EXERCISE OBJECTIVE ::
All the lines below should appear again unchanged, though their pictures should not.

THE DATA ::
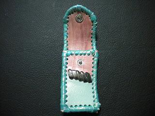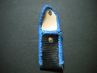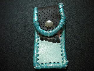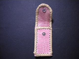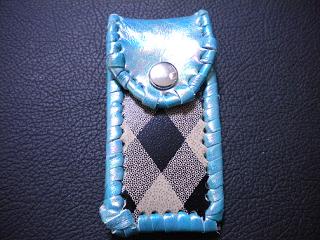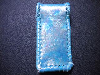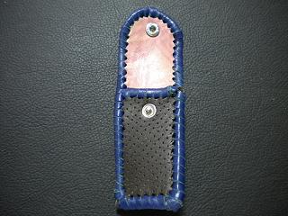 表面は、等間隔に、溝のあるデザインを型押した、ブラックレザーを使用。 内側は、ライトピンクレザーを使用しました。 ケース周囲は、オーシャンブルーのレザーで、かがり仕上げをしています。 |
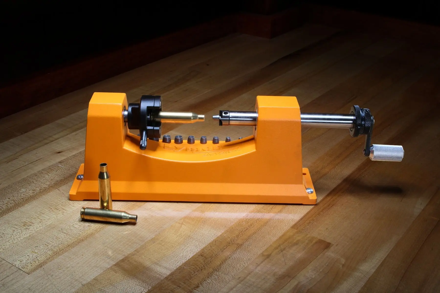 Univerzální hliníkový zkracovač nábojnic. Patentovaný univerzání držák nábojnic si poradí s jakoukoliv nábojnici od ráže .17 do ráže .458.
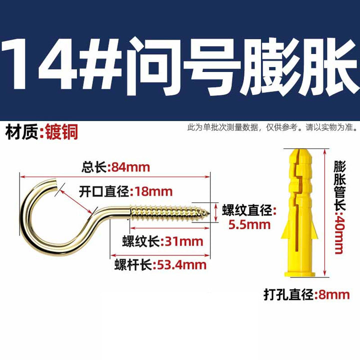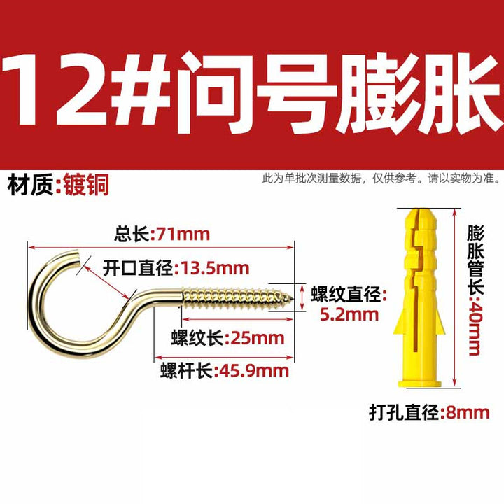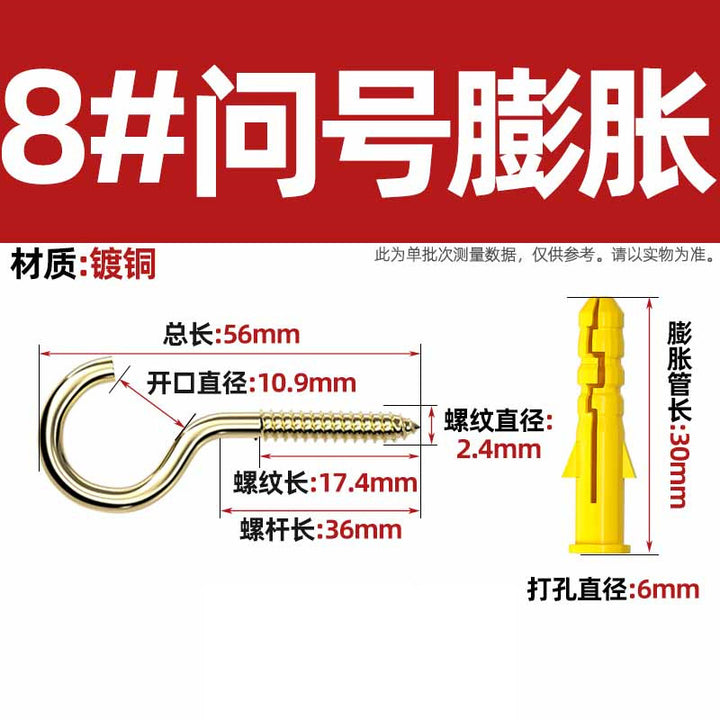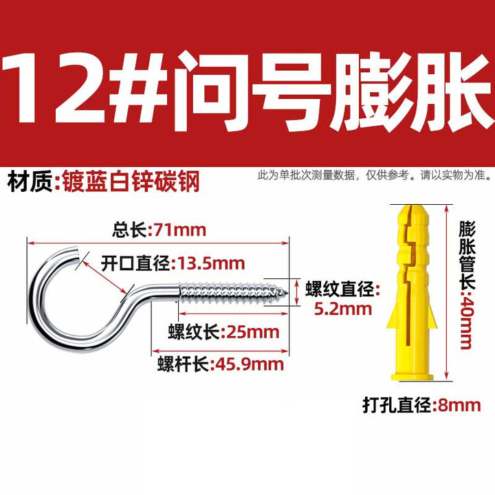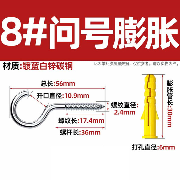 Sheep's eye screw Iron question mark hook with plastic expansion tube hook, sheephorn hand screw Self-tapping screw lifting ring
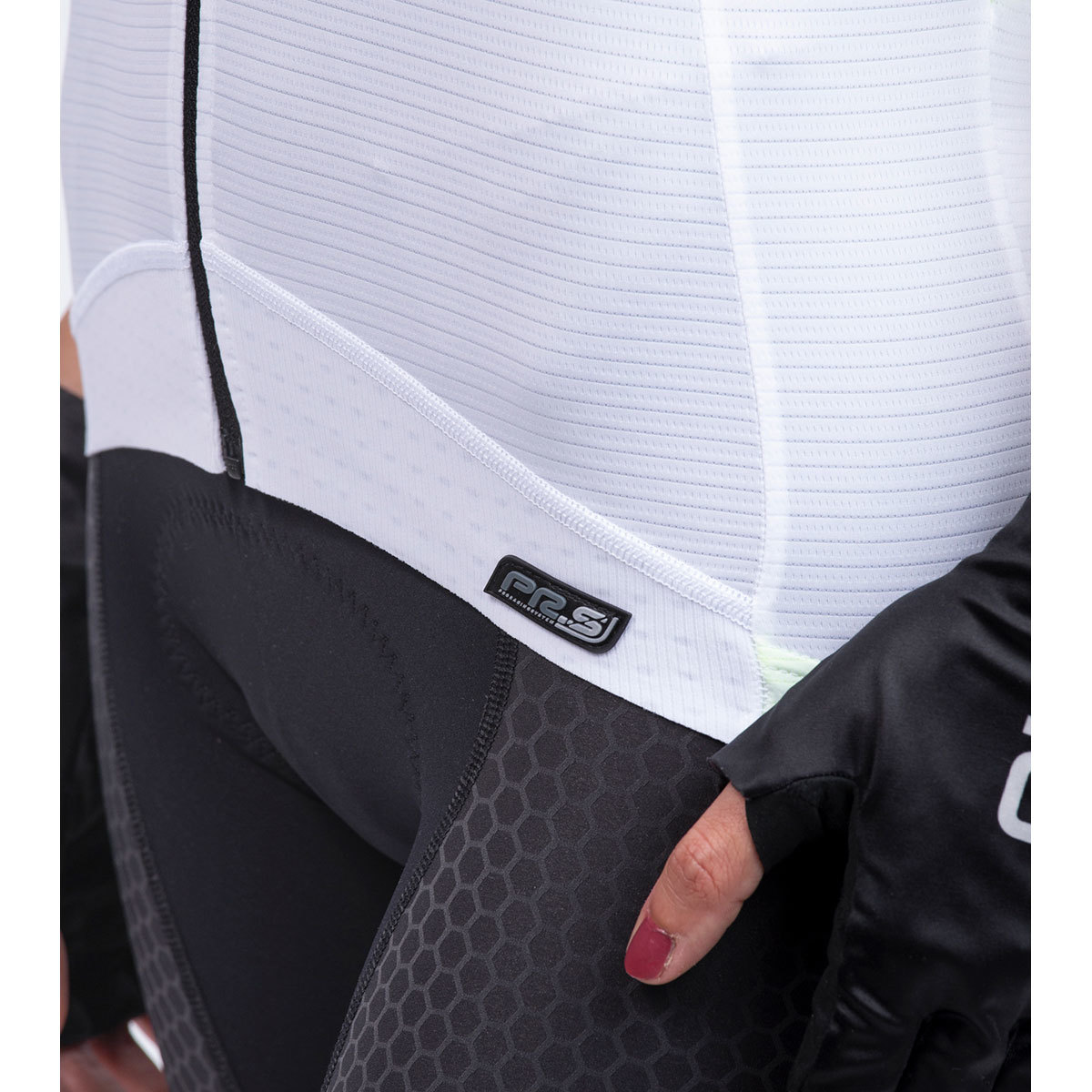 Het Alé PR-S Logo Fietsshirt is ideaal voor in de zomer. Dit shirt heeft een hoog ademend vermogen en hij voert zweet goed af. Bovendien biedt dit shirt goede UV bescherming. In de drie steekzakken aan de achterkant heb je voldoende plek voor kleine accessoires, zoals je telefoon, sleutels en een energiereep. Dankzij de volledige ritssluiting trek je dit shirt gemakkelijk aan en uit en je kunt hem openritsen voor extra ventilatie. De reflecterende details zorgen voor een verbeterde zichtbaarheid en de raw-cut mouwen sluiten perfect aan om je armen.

RESULT ::
 表面は、等間隔に、溝のあるデザインを型押した、ブラックレザーを使用。 内側は、ライトピンクレザーを使用しました。 ケース周囲は、オーシャンブルーのレザーで、かがり仕上げをしています。 |
 Univerzální hliníkový zkracovač nábojnic. Patentovaný univerzání držák nábojnic si poradí s jakoukoliv nábojnici od ráže .17 do ráže .458.
 Sheep's eye screw Iron question mark hook with plastic expansion tube hook, sheephorn hand screw Self-tapping screw lifting ring
 Het Alé PR-S Logo Fietsshirt is ideaal voor in de zomer. Dit shirt heeft een hoog ademend vermogen en hij voert zweet goed af. Bovendien biedt dit shirt goede UV bescherming. In de drie steekzakken aan de achterkant heb je voldoende plek voor kleine accessoires, zoals je telefoon, sleutels en een energiereep. Dankzij de volledige ritssluiting trek je dit shirt gemakkelijk aan en uit en je kunt hem openritsen voor extra ventilatie. De reflecterende details zorgen voor een verbeterde zichtbaarheid en de raw-cut mouwen sluiten perfect aan om je armen.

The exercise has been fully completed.